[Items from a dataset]
---------------

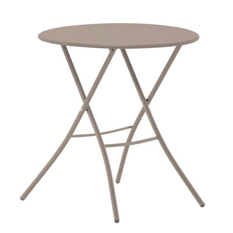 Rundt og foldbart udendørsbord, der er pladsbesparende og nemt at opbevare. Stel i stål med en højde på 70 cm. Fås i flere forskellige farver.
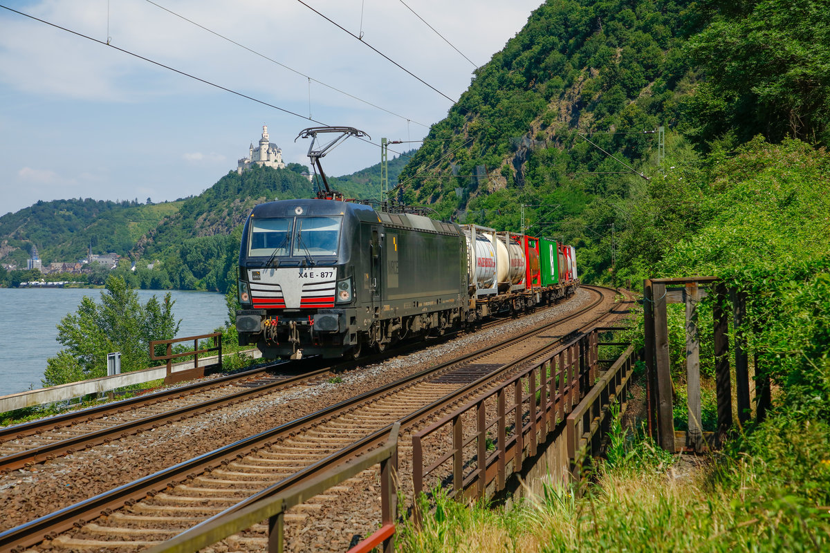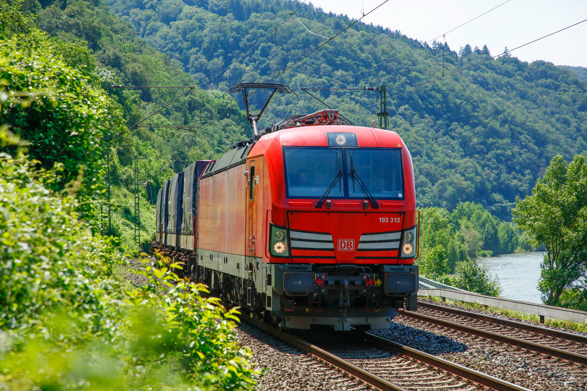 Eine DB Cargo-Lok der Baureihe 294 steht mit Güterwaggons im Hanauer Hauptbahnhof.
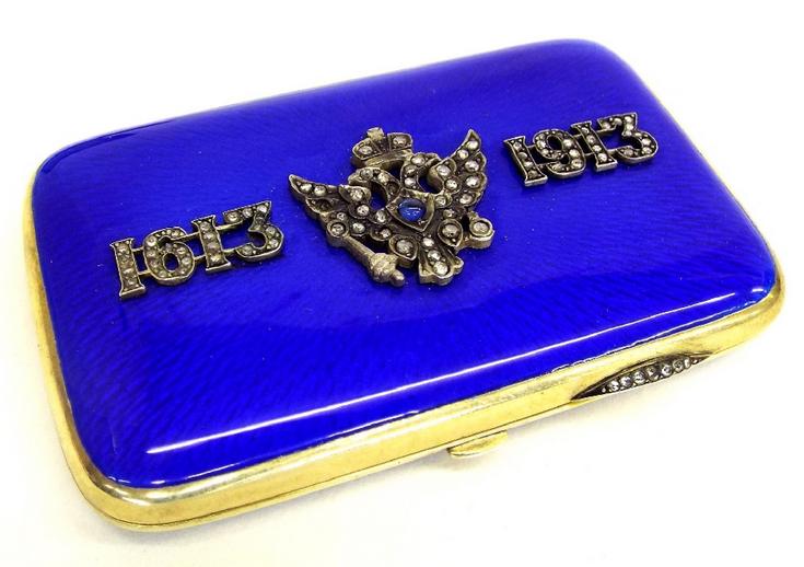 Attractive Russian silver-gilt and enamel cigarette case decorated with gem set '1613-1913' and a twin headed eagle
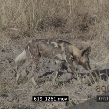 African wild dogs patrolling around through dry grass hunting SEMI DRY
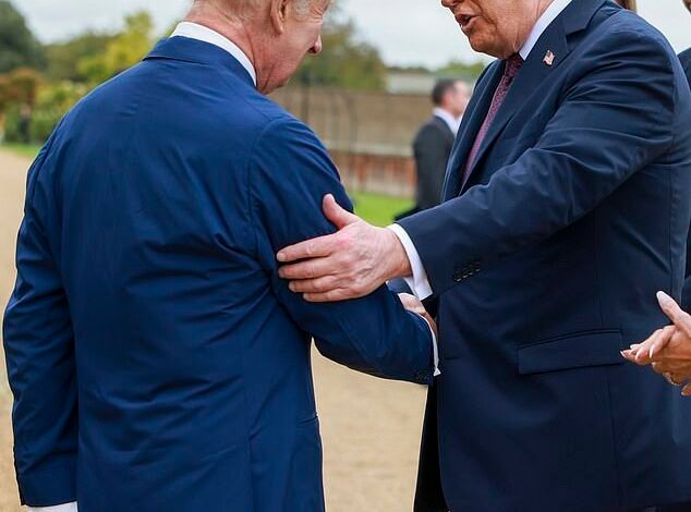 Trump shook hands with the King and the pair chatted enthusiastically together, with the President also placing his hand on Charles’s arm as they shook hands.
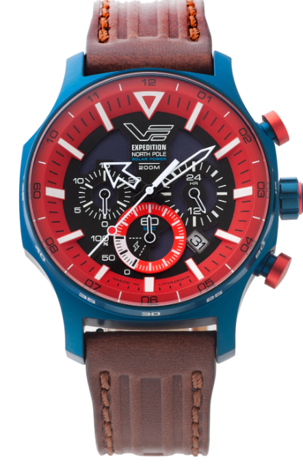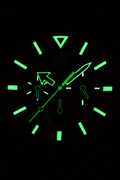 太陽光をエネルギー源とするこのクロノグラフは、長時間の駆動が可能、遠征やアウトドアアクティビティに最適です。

---------------

-- Activity --
Repeat exactly the lines from the one containing "Eine DB Cargo-Lok" through the last line of the records above, both included, and leave out the pictures.

-- Problem solution --
 Eine DB Cargo-Lok der Baureihe 294 steht mit Güterwaggons im Hanauer Hauptbahnhof.
 Attractive Russian silver-gilt and enamel cigarette case decorated with gem set '1613-1913' and a twin headed eagle
 African wild dogs patrolling around through dry grass hunting SEMI DRY
 Trump shook hands with the King and the pair chatted enthusiastically together, with the President also placing his hand on Charles’s arm as they shook hands.
 太陽光をエネルギー源とするこのクロノグラフは、長時間の駆動が可能、遠征やアウトドアアクティビティに最適です。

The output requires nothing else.